Children Living in Filth
By Dan Breitwieser, WCJB TV 20 News.
Investigators say they learned about the abuse because someone noticed bites from roaches and possibly rats on one of the children. And it's not the first time the two adults have been charged with neglect.
The stench is so strong, one can smell it from street--and that's before you can even open the front door.
It takes closed nostrils and a strong stomach to brave the interior of a house in such of this putrid shape it's tough to call a home. Infested with roaches, ants...and who knows what else lies beneath these mounds of dirty clothes and garbage. It took repellant to keep the bugs off for a quick trip inside.
Debra Cotrel lives across the street and says the family kept to themselves, but there was a constant turnover of junk sold in yard sales to help pay the bills.
"It's very disgusting because I do know that small children were there," says Cotrel.

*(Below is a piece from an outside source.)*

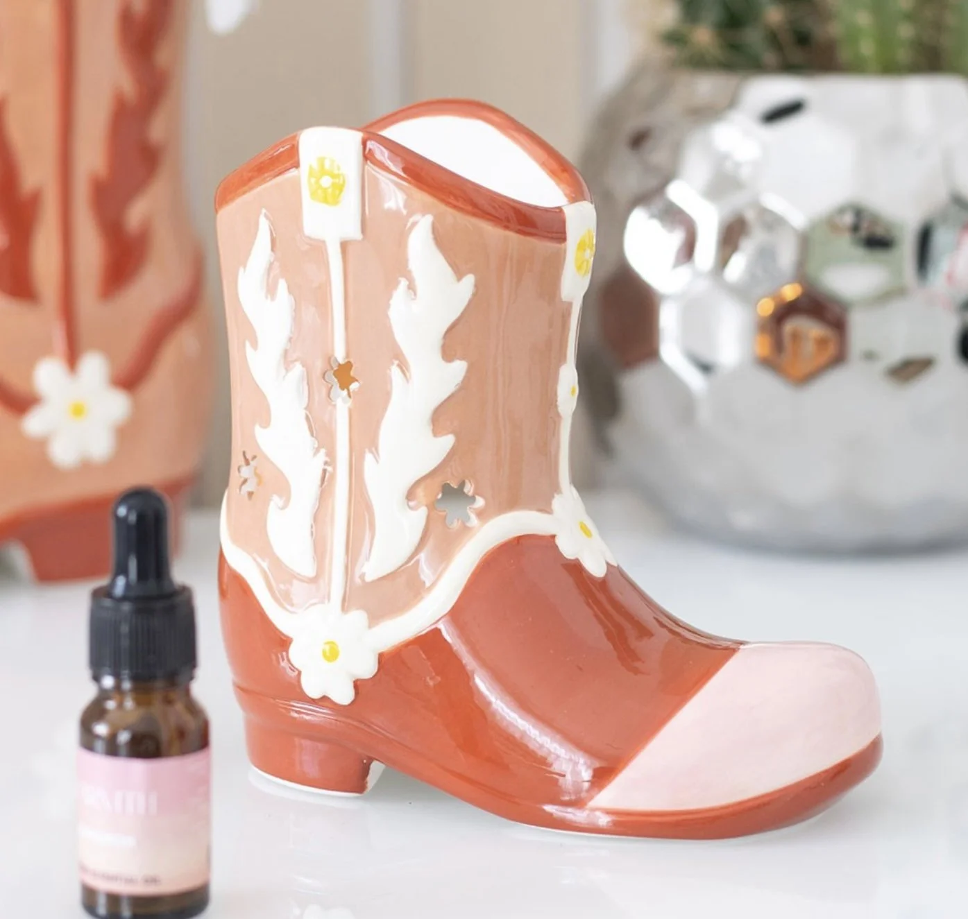 Saddle up your senses with this pink cowboy boot oil burner and wax warmer, perfect for wrangling sweet scents into your space! Ideal for any cowgirl at heart, it’s a unique accent piece that combines current trends with functionality. Compatible with diluted fragrance oils and wax melts.

Saturday, the Department of Children and Families found four kids ages two to seventeen living in the filth. Their mother, 35-year-old Heidi Prophet and grandmother, 64-year-old Donna Deal, have been charged with four felony counts of child neglect.
"This to me is just as bad as physical abuse," says Chiefland Police Chief Robert Douglas. "It is physical abuse if you think about it, if you have to live in this kind of filth."

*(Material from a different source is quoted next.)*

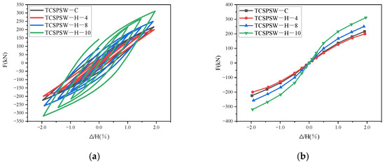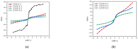 The hysteresis curves of TSPSW-M-1, TCSPSW-M-1, TCSPSW-M-2, and TCSPSW-M-3 are shown in Figure 16. The hysteresis curve of TSPSW-M-1 obtained from the test presents a “bow-shaped” form. The curve is relatively full, but it has a pinching effect. This indicates that the plastic deformation capacity of the entire structure or specimen is relatively strong, and the performance in the low-cycle repeated load test of the node is good, which enables it to absorb seismic energy effectively. The hysteretic curves of TCSPSW-M-1 and TCSPSW-M-2 specimens are approximately “anti-S-shaped”. Compared with the bow section, the hysteretic curves have longer sliding sections, reflecting more sliding effects, and the area surrounded by the curves is reduced, which reflects the ductility of the specimens and the ability to absorb seismic energy are poor. The hysteresis curve of the TCSPSW-M-3 specimen is approximately “diamond-shaped”, which is symmetric and full. It can intuitively reflect that the plastic deformation capacity of the entire structure or specimen is very strong, and it has excellent seismic performance and energy dissipation capacity.

A kid's playhouse outside is in better shape than the real thing. But with an animal skeleton in the yard, or blackened toys, or dozens of broken- down bikes, outdoors was no refuge.
Prophet and Deal got into similar trouble in August 2002.
"I've only seen something this bad once before," says Chiefland Building and Zoning Director Bill Hammond. "And that was right here. It's the second time at this house."
"You don't ever know what's going on in your back yard until it's pointed out," says Cotrel.
In the case opened in 2002, Prophet and Deal agreed to court supervision and other monitoring terms instead of jail time. Prophet for one year and Deal for six months. They are currently in the Levy County Jail on 30-thousand-dollars bond each.
The oldest child is staying with an aunt, the youngest three are in foster care.